The fact that three or four groups in Elkhart County are active is a good sign, but he adds, “If they were all working together, it probably would be even better.”

Rough’s initial news release invites “conservatives, independents, and disaffected democrats” to the first meeting 7 p.m. Thursday at the Maple City Chapel on Lincolnway East in Goshen.

Rough also made a specific appeal to the Amish community, a group that normally remains uninvolved in politics. He said he chose to do so because of the large number of Amish who attended a controversial county zoning meetings a year ago.

He said he made a point to invite Amish just in case they might be interested.

Working with candidates

He said he’d like to get the group established and begin working to support certain candidates including U.S. Senate candidate Richard Mourdock and fellow Republican Jackie Walorski, who is running again for the 2nd District Congressional seat.

“I want to emphasize activism. We need to pound the pavement.

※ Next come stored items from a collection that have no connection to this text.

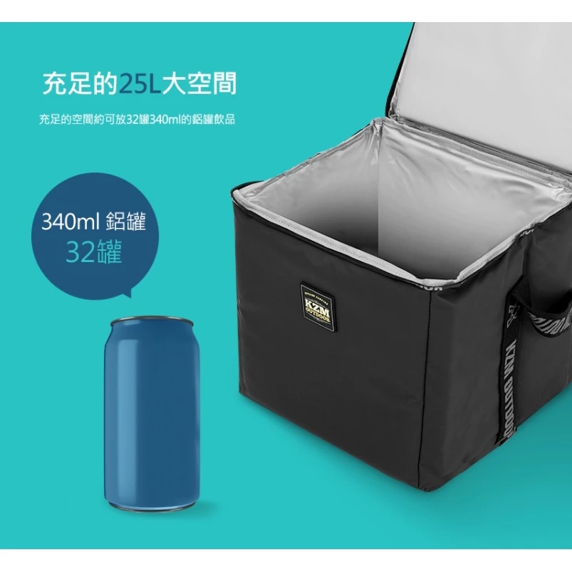 【綠色工場】KAZMI KZM 素面個性保冷袋25L 保冰袋 保冷保溫 生鮮購物 野餐登山露營 (K21T3K07)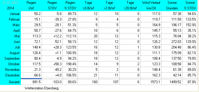 Taupunkt 2014 | Sonnenstunden 2014 | Windrichtungen 2014 |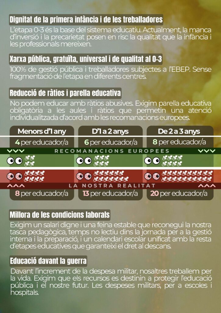 I perquè podríem continuar citant un llarg etcètera de raons i segurament no acabaríem mai, i perquè la situació a la qual hem arribat és tan greu i tan injusta, veiem ben clar que l’única solució passa per a un canvi total de model, per això des de la CGT reclamarem persistentment que primer des de l’Estat, i després des de les comunitats autònomes, es desenvolupin unes lleis amb uns criteris i unes normatives que permetin posar punt final a la precarització del sector, i que a la vegada possibilitin realment una educació del 0-3 pública, de qualitat, universal i gratuïta.
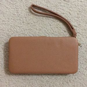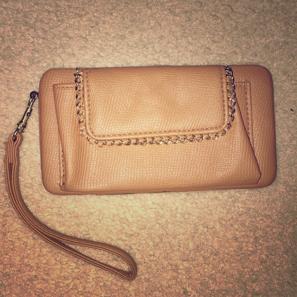 Tan brown wallet with gold detailing. Change pocket and six card holders. Two cash pockets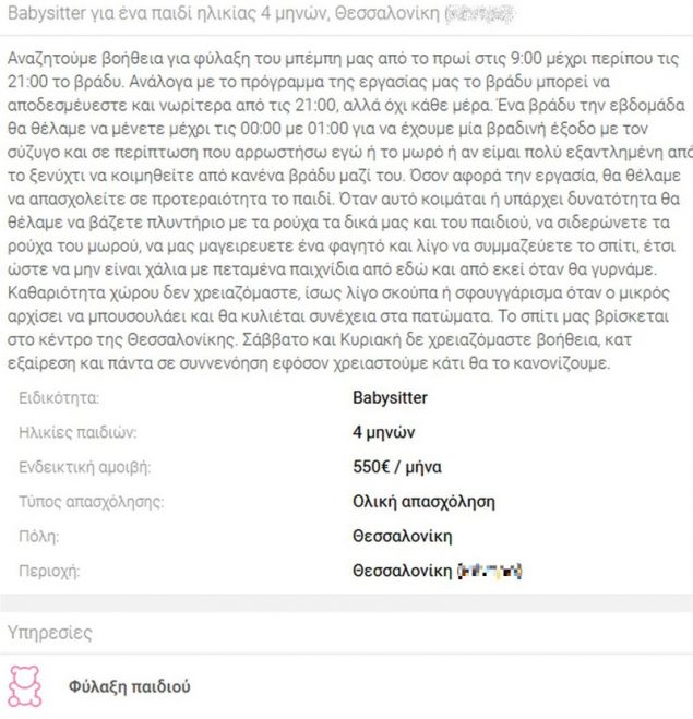 Ο λόγος; Οι γονείς ενός μπέμπη μόλις 4 μηνών ζητούν σε ένα ολόκληρο κατεβατό, από την υποψήφια babysitter όχι μόνο να φροντίζει το μωρό για 12 ώρες καθημερινά αλλά να κάνει και λίγο από όλα. Και ο μισθός; Μόλις 550 ευρώ!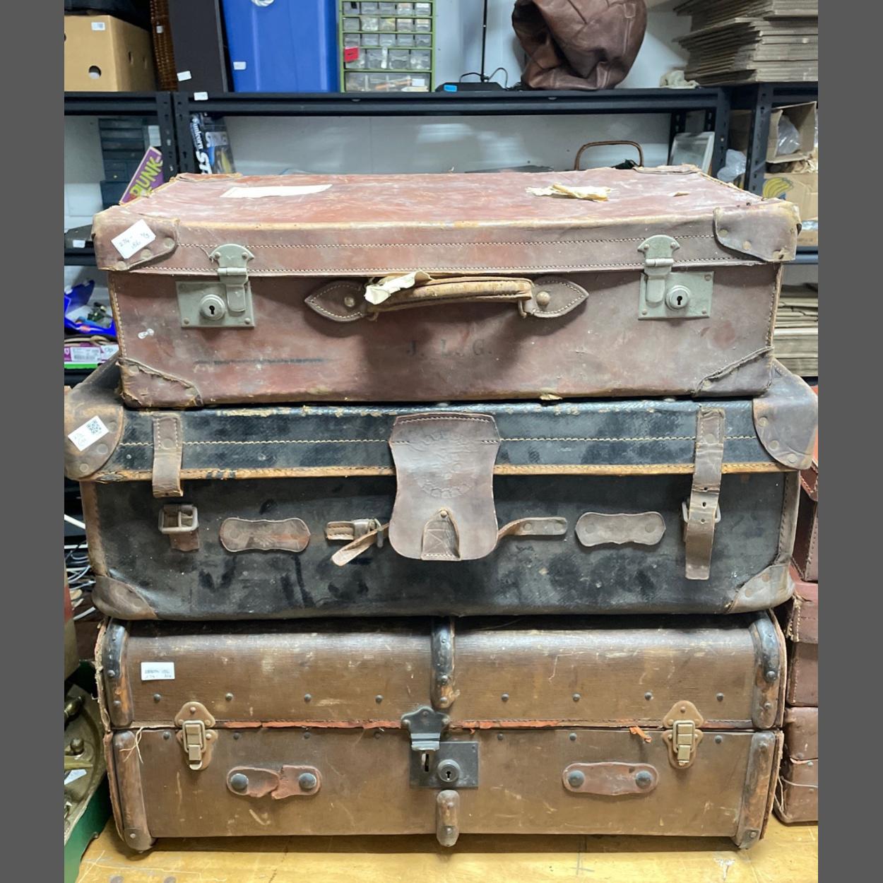 Three vintage items of luggage to include a large steamer trunk with bentwood bindings 83Wx52Dx34Hcm - also a large black heavy duty suitcase with brown leather corner protectors and bindings with the initials LG 84Wx46Dx28Hcm - and lastly an all-leather brown suitcase with leather corner protectors 70Wx37Dx20Hcm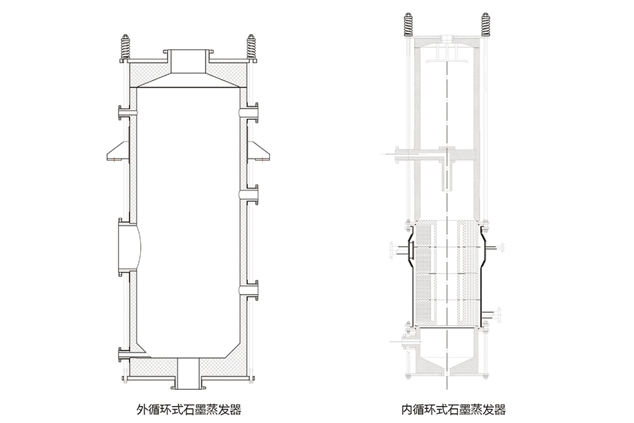 石墨閃蒸罐:由于石墨具有優良的耐腐蝕性能和傳熱性能及熱沖擊性能,常被用于物料蒸發的場合,特別適合作為閃蒸分離罐,物料收集罐,相比其它材質,具有較高的溫度承受能力,耐腐蝕性能及承壓能力,可承極限真空。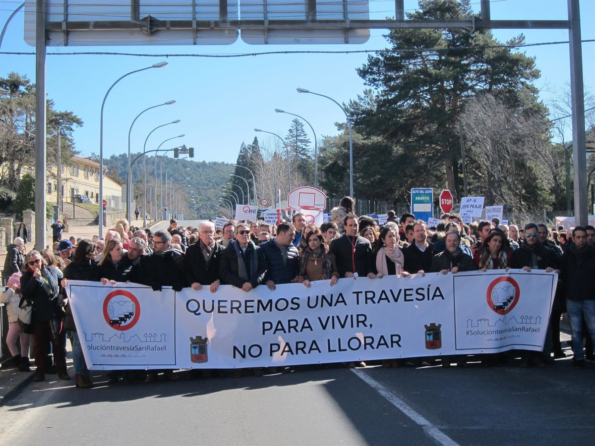 Alrededor de medio millar de personas han participado en la protesta que se ha desarrollado este sábado en San Rafael (Segovia), para reclamar una alternativa al paso del tráfico por la N-VI, a la altura de la travesía de esa localidad.

That’s how you win elections,” Rough said. “You don’t win it by sitting at your computer reading e-mail and doing the discussion list thing.”

Rough said he is also aligned with Elkhart County Patriots.

Rough said he has no qualms with the Patriots, but said the group’s weekly meetings tend to be too much for his schedule.

He said he believes his group would likely meet every 4-6 weeks once it is established.

The other Tea Party-oriented group is the Michiana 9-12 Project, which has been around for three years and does not endorse candidates.

An evolving movement

As the Tea Party movement continues to evolve, more and more of the efforts have focused on grassroots politicking instead of holding public protests that were common during the national health care reform debate a few years ago.

The Elkhart Patriots were heavily involved in phone banking in last year’s municipal election and have touted the campaigns of Mourdock and former presidential candidate Rick Santorum in recent months.

The Patriots and Tea Mac have worked to put supporters into positions as state delegates and poll workers to help advance their cause.

While the groups appear to be supporting many of the same local candidates, Tea Party groups in Indiana have strongly aligned behind Mourdock, the state treasurer who is challenging Lugar in next month’s Republican primary — a race that has gained national attention.

Chilberg and Rough both agree the Senate primary race will be a strong indicator of how strong and established the Tea Party movement has evolved.

“Americans,” Chilberg said, “are fed up with the status quo.”